Eu poderia discorrer aqui durante muitas páginas sobre o que Rita nos deu, com sua travessia por este mundo, no qual ela fez tanta diferença. Dada a brevidade do espaço, me contentarei em contar-lhes ainda que anos depois, durante minha formação de psicanalista, me deparei com a noção do “tornar-se mulher”. Sim, Freud disse isso em 1933, bem antes de Simone de Beauvoir (1949): “ninguém nasce mulher, torna-se”.
Ensinaram-me que isso passava pela necessária saída do território feminino da mãe para ir em busca de seu próprio território, inventar-se. Achei isso incrível, mas não me surpreendi, minha mestra Rita já havia me transmitido muito tempo antes, com Esse tal de Roquenrow. Também quanto à singularidade constitutiva do nosso psiquismo, confesso que até me entediava ficar ouvindo aquilo tudo, pois eu era uma “Ovelha negra” de carteirinha há muitos anos.
Enfim, Rita é a prova viva (sim, porque se alguém realizou o sonho de ser imortal, foi ela) do que Freud disse sobre os artistas e escritores serem os verdadeiros mestres dos psicanalistas. Além disso, sua música corrobora o que Lacan também disse, um dia, a respeito dos escritores: “...a prática da letra converge com o uso do inconsciente”.
Obrigada Rita, por ter me ensinado tanto a gostar de escutar ovelhas negras e filhas perdidas.

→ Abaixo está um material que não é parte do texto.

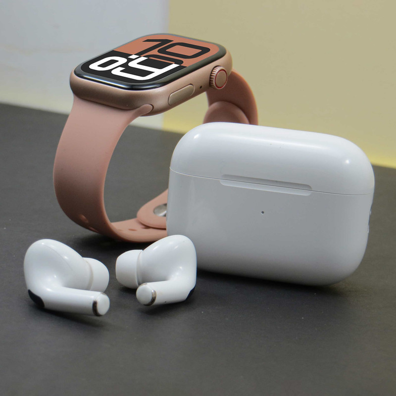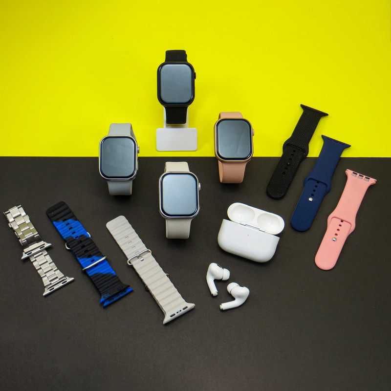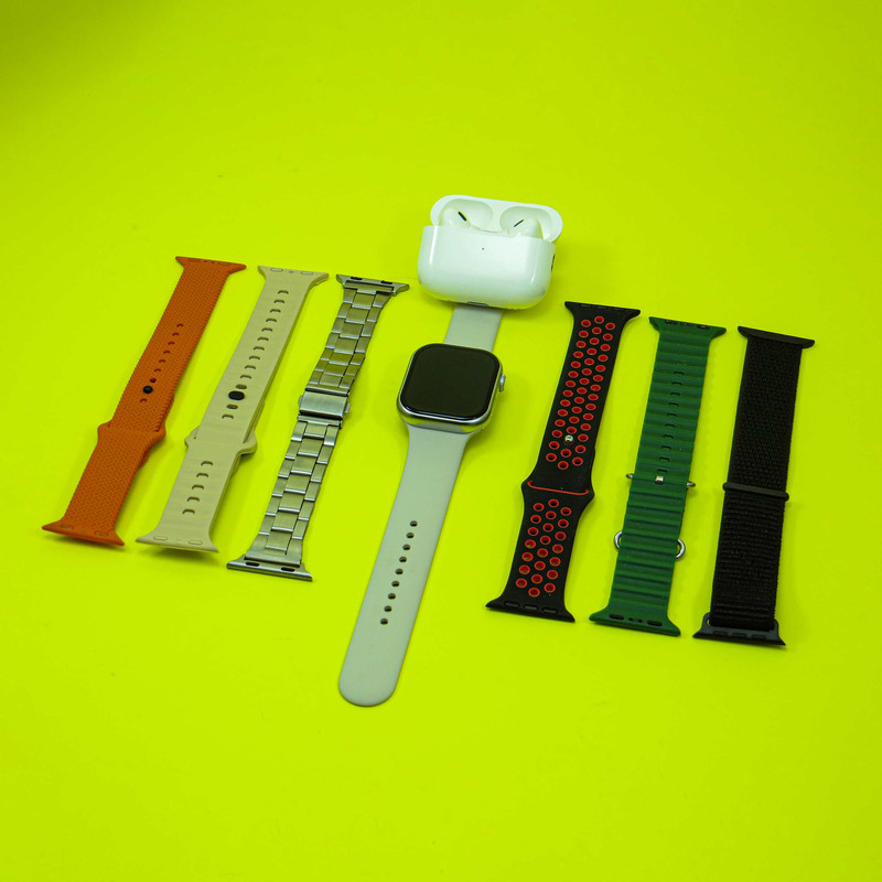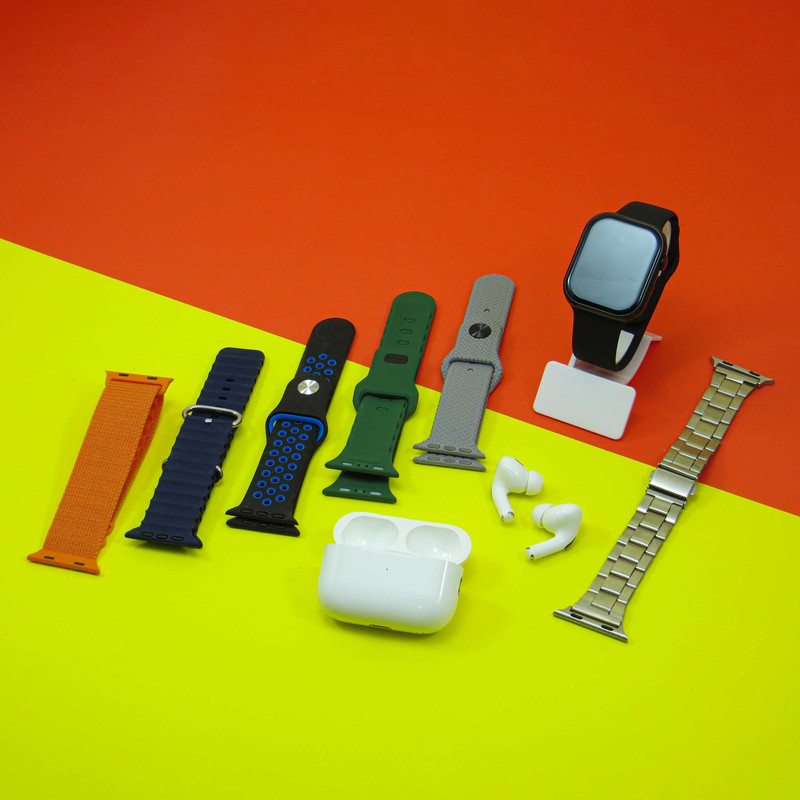 قابلیت های ویژه : دارای هفت بند با طرح ها و رنگ های متفاوت + هندزفری Airpod Pro طرح اپل

Não há nada que me interesse mais do que um “caso sério”. Valeu!
* Rosane Pereira é psicanalista e escritora, membro da Associação Psicanalítica de Porto Alegre - APPOA, e Presidente da Associação Projeto Gradiva - atendimento clínico psicanalítico para mulheres em situação de violência. É autora, entre outros, de “Mulheres Esquecidas” (Editora Bestiario, 2022).
** Este é um artigo de opinião. A visão da autora não necessariamente expressa a linha editorial do jornal Brasil de Fato.